Scandal-plagued Deutsche Bank seeking to raise €8 billion through sale of new shares
Deutsche Bank has announced the sale of 687.5 million new shares in a bid to raise €8 billion and return the bank to profitability after continued losses stemming from the financial crisis. The shares will be sold for €11.65 each, a 35% discount on last week’s closing price, and marks the latest in a series of measures taken by CEO John Cryan aimed at rebuilding trust in the German lender.
Last December, Deutsche Bank reached a deal with the U.S Justice department to pay a fine of $7.2 billion in compensation for the sale of toxic mortgage-backed securities that led to the collapse of the housing market and triggered the financial crash of 2008.
In January, Deutsche was hit with another fine of $425 million to be paid to the New York State Department of Financial Services following an investigation into money laundering in Russia. Investigators found that senior bank executives in Moscow created unnecessary overseas stock trades solely for the purpose of disguising the transfer of around $10 billion in laundered money to London and New York between 2011 and 2015.
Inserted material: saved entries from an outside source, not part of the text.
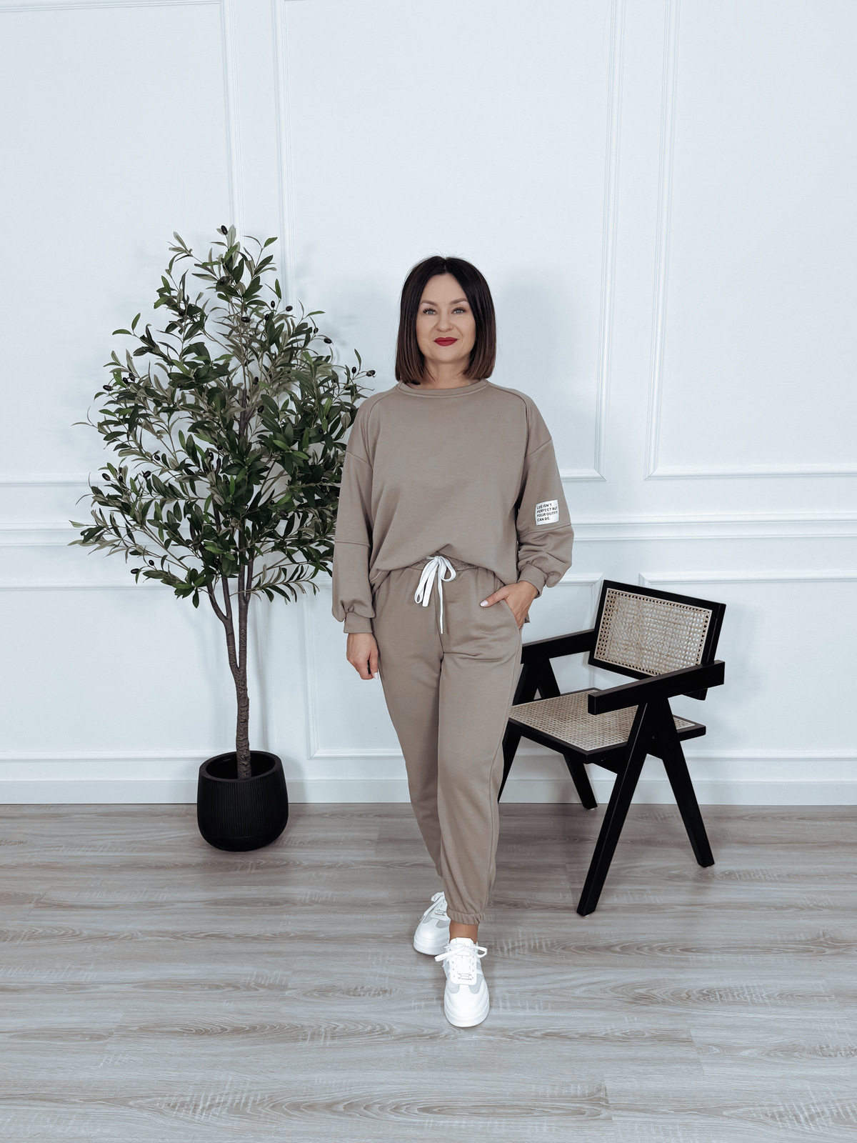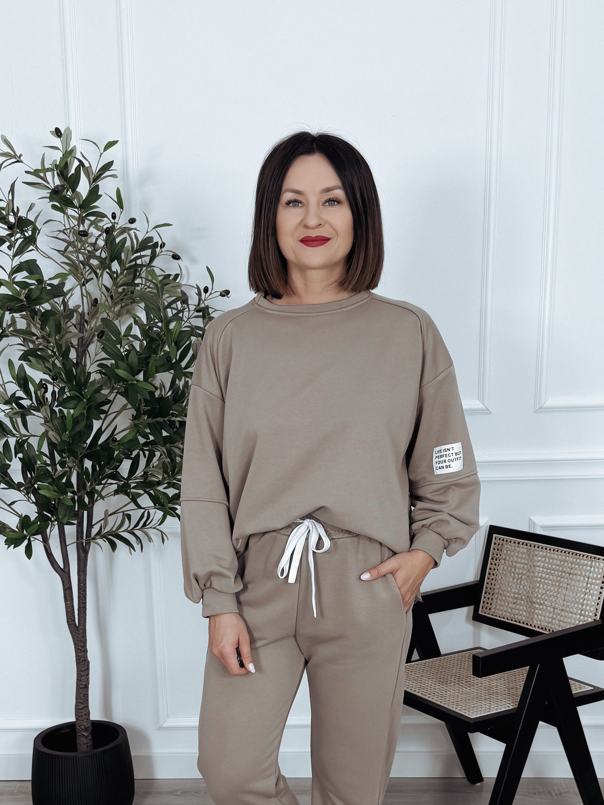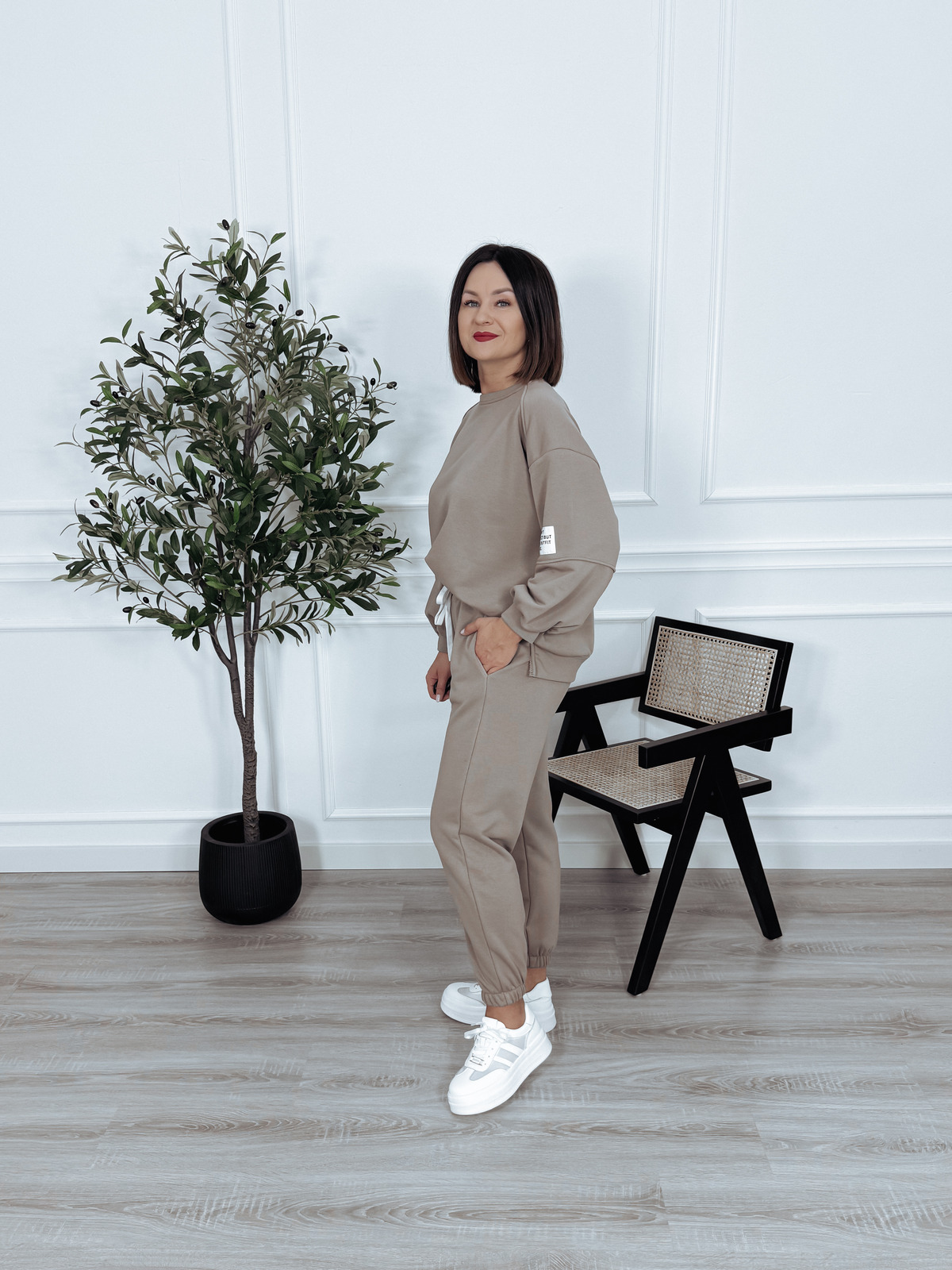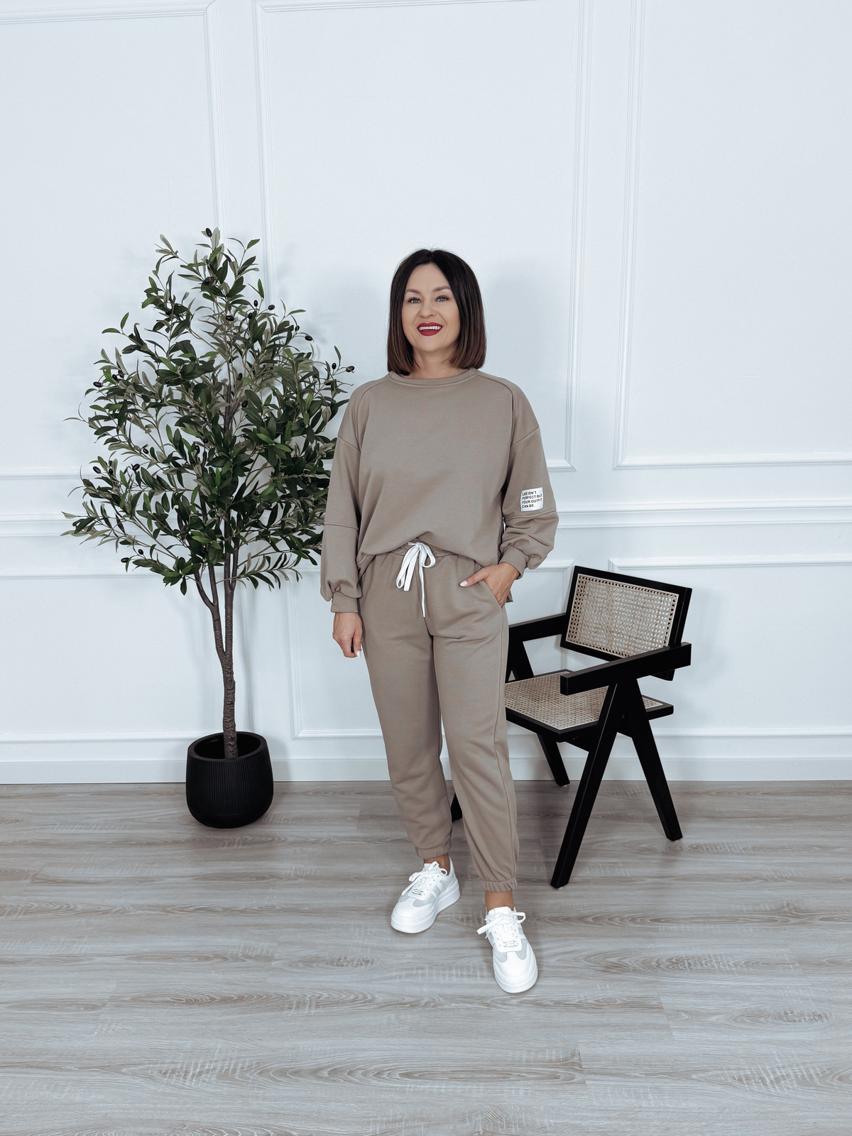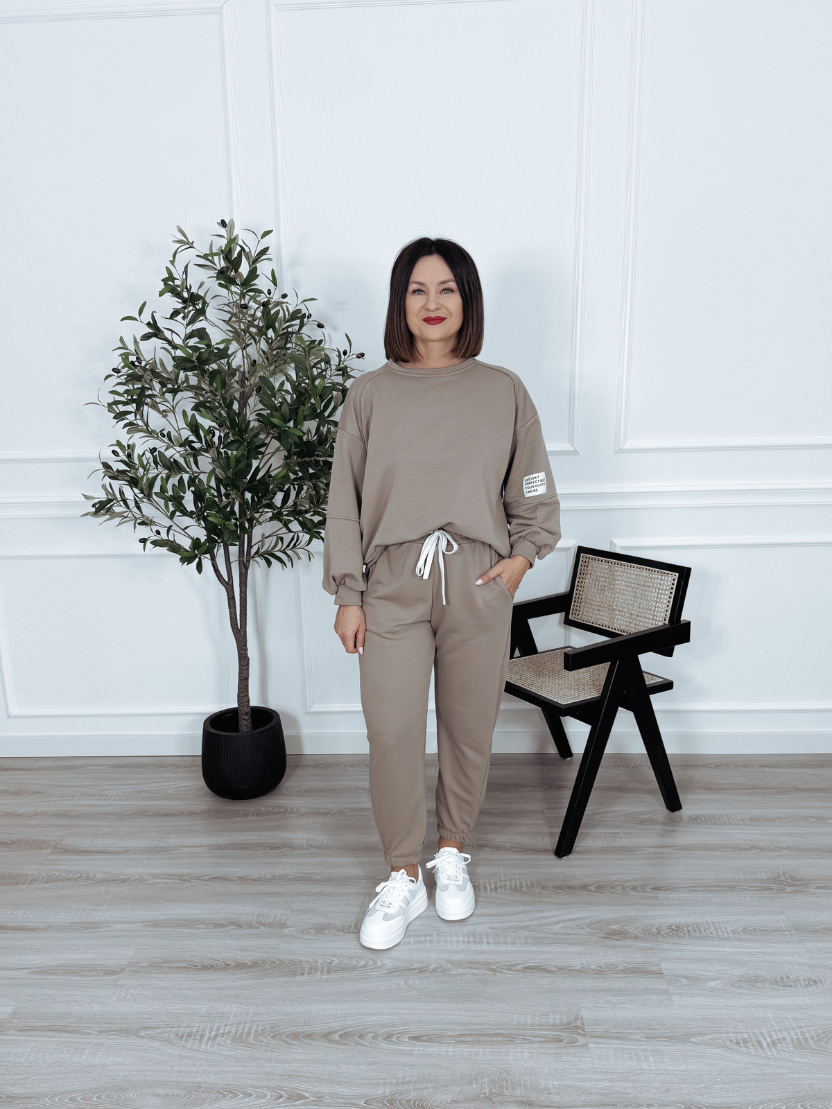 Komplet bawełniany bluza + spodnie beż ciemny ARIA
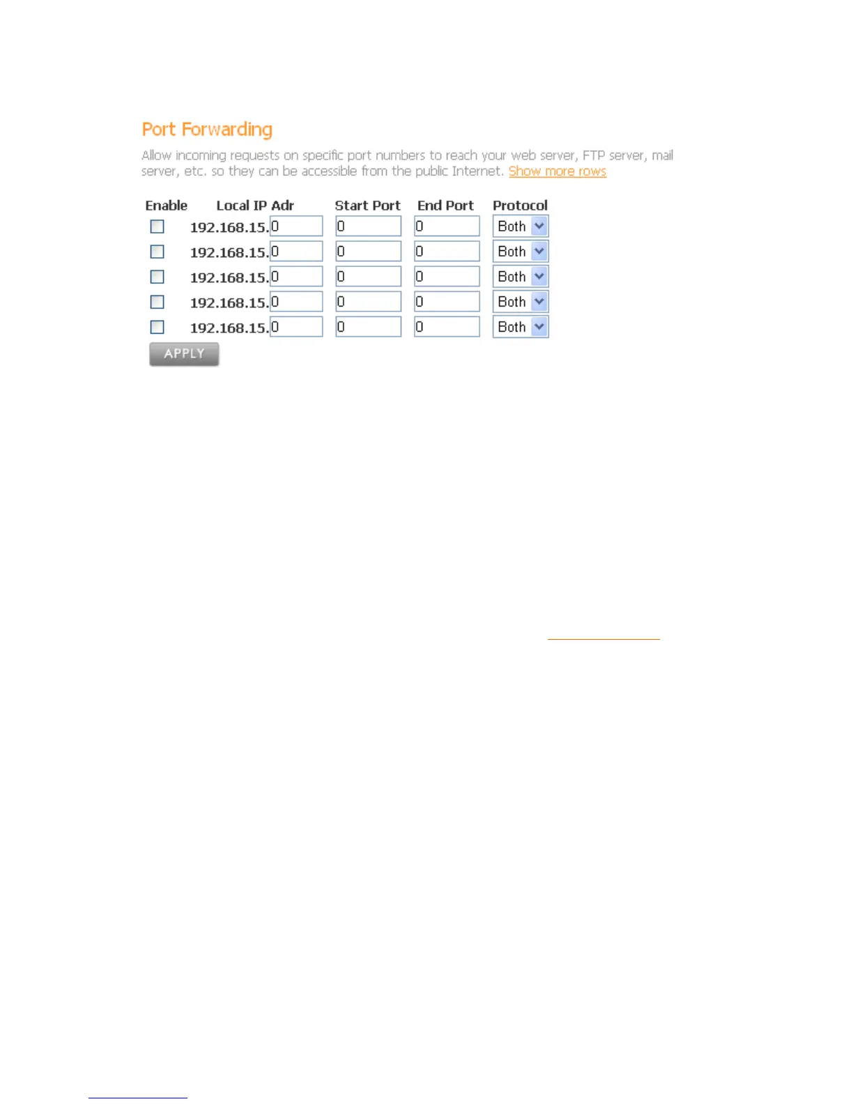 If you need to specify more than 5 port forwarding rules, click on the Show more rows>
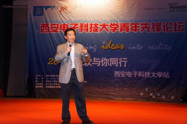 12日晚,由我校團委、微軟技術俱樂部、國家電工電子基地和國際合作與交流處聯合主辦的青年先鋒論壇---“2011年微軟與你同行”在我校南校區大學生活動中心劇場舉行。微軟亞洲研究院常務副院長趙峰博士為我校師生帶來了一場題為“計算與社會:新的機遇和挑戰”的精彩學術報告。報告中趙博士首先介紹了微軟亞洲研究院近年來的發展情況,然后主要報告了微軟公司在新一代多媒體、計算、軟件與系統及硬件與自然用戶界面等領域的最新研究,使同學們大開眼界。400多人的會場座無虛席,聽講過程中互動氣氛熱烈。
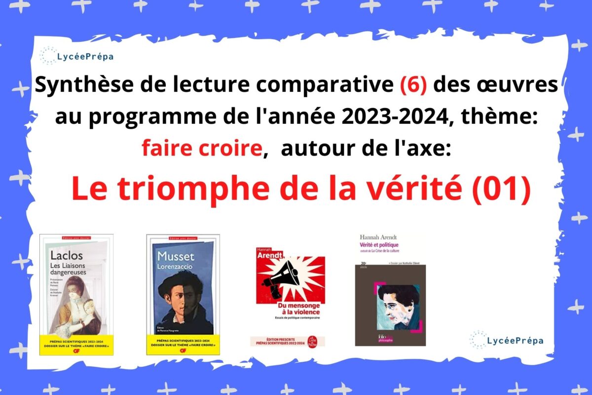 Synthèse de lecture comparative (6) des œuvres au programme de l’année 2023-2024, thème: faire croire, autour de l’axe : Le triomphe de la vérité (01)
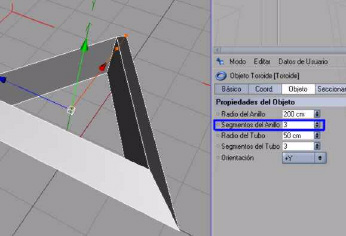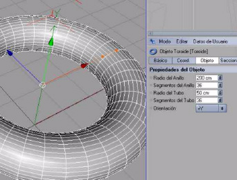 o segmento del tubo: establece la subdivisión poligonal del tubo del toroide en horizontal.
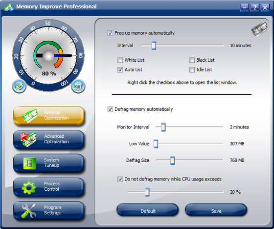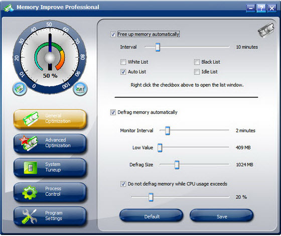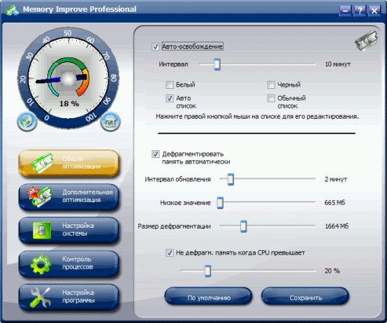 Memory Improve Professional позволяет увеличить быстродействие вашей системы за счет освобождения и дефрагментации оперативной памяти. Имеется возможность установки минимального количество свободной оперативной памяти, при превышении которого запустится модуль и попытается удалить из оперативной памяти лишние процессы, имеется возможность возможность просмотра запущенных процессов, наблюдение за нагрузкой на ЦП и множество других полезных настроек.
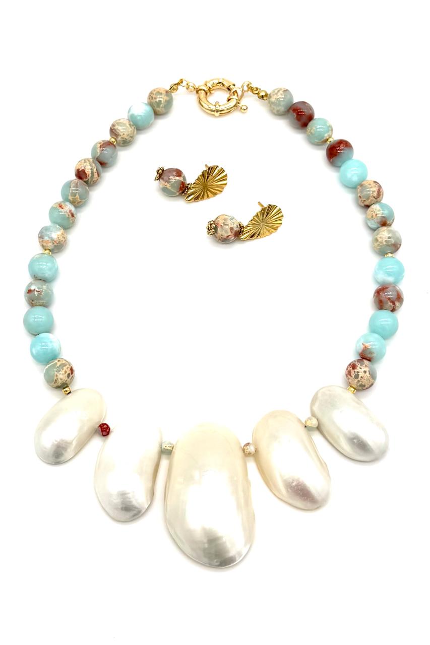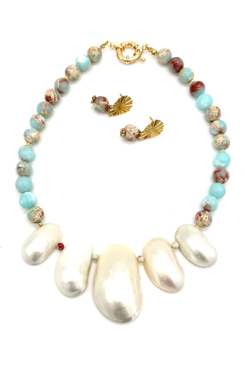 Collar elaborado con nácar, piedra jaspe piel de serpiente, topos en bronce con baño en oro de 24 kilates, balines en oro laminado 18k.Precio: 700,000 COP
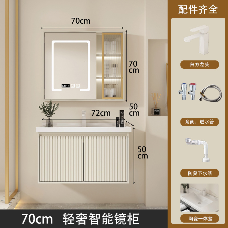 • 70cm 라이트 럭셔리 그레이 직각 벽 캐비닛 + 스마트 유리 거울 캐비닛 [무료 액세서리 풀 세트 + 설치]

And two years ago, Deutsche Bank was forced to pay $2.5 billion to U.K. and U.S. authorities for its role in the Libor scandal, a scheme to manipulate benchmark interest rates.
At a news conference in February Mr Cryan apologised for the bank’s misdeeds and said that managers’ bonuses would be cut. Also slated to go are around 9,000 of the bank’s 100,000 staff with the closure 200 branches in Germany as Mr Cryan seeks to achieve three billion in cost cuts over the next four years.
In 2016 the bank posted an annual loss of €1.4 billion compared to a loss of €6.4 billion the previous year. However, after a decade of ultra-low interest rates and stringent banking regulations, shares in Deutsche have been rising along with the rest of the market in response to the election of Donald Trump, who has promised to create jobs and cut red-tape in the financial markets.
In an interview with Bloomberg Mr Cryan said: “The operating environment in the U.S. but also increasingly in the Eurozone and especially in Germany looks strong. And so I’m reasonably confident about the future.” Mr Cryan predicted that Deutsche Bank would return to “modest…controlled growth” in 2017.